Our family’s introduction to HHT began December 2006. Our son Anthony was a sophomore in high school when he developed what was diagnosed by our doctor and the local hospital as a migraine. After two weeks of misdiagnosis, Anthony began to lose weight, his coordination, his vision, and the ability to hold food down. The hospital, with much parental prodding, finally ordered a head CT. The scan showed a mass in his head taking up a quarter of his brain area. He was rushed to another hospital where the mass was diagnosed as a brain abscess – 120 ml worth. Anthony endured three separate surgeries to remove the abscess. During this time a liver abscess and two pulmonary AVM’s were also discovered. The pulmonary AVM’s were the causes of the brain and liver abscesses.
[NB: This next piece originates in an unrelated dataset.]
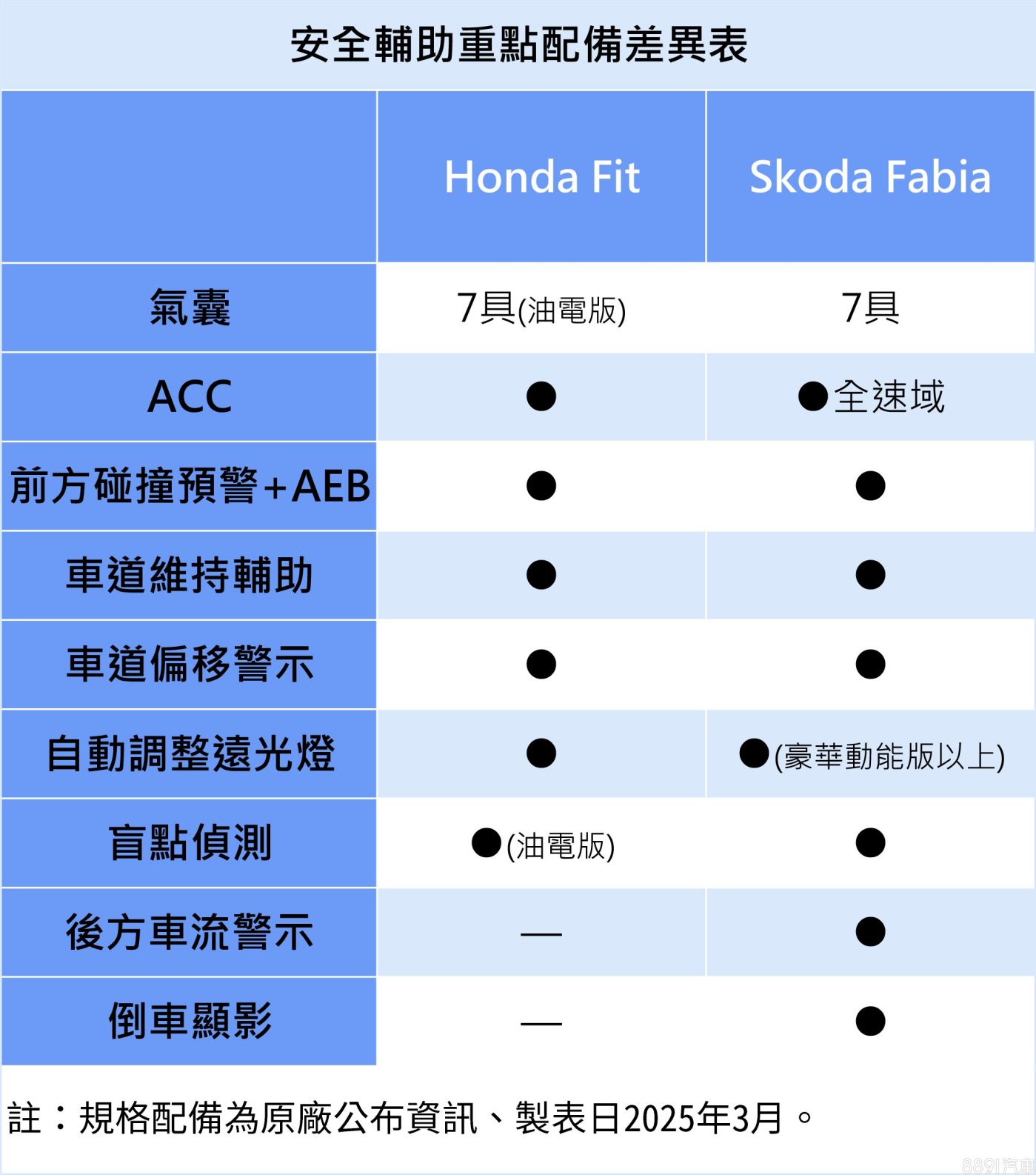 Fabia顯然在主動安全更加豐富完善,雖說大改款Fit補足了前代最缺乏的主動安全科技,將Honda Sensing列為全車系標配,但ACC非全速域,算是遺珠之憾,不過這又回到「羊毛出在羊身上」的問題,別忘了雙方價格上還是有差異的。

Anthony suffered a stroke during his two week stay in ICU and has lost the peripheral vision on the right side of both eyes due to the entry location to remove the brain abscess. We are very fortunate and thankful to have him with us today. We are unaware if anyone else in the family has HHT or where it originated in our family. My husband Roy, our son Doug (Anthony’s twin brother), and our daughters Rachael and Sarah will undergo screening at Washington University in St. Louis to understand if they are affected. Proper diagnosis and early screening may have prevented some of the trauma Anthony endured. Our hope is that HHT awareness spreads amongst the medical community to prevent misdiagnosis to other patients and early treatment.
In July 1999, Barry’s father was diagnosed with HHT and Barry was screened, due to a lifetime of migraines. Three weeks after his screening, we were told he had a large cerebral AVM (CAVM). On September 23, 1999, Barry underwent surgery to remove his CAVM. There were complications when his CAVM ruptured during the surgery, causing stroke/major head trauma symptoms. He was paralyzed on his right side, unable to speak or move his head. After 31 days in two hospitals, he was discharged and continued outpatient therapy for the next 5 months to regain his motor skills. Six months after his brain surgery, Barry returned to work. In July 2011, we returned to Yale for Barry to have 2 PAVMs coiled and to get our daughter, Skyler, screened for HHT. It took 35 years for Barry’s father to be properly diagnosed and treated for HHT. Thankfully, through family screening, we now know about Barry’s brain and lung AVMs and his brother’s brain, gastrointestinal and spinal AVMs. It is frustrating that HHT patients have to travel out of state to find doctors who have any knowledge of this disease, and can offer treatments that will not cause them more harm. Our goal now is to improve the medical community’s awareness of HHT and to help advance HHT research through fundraising.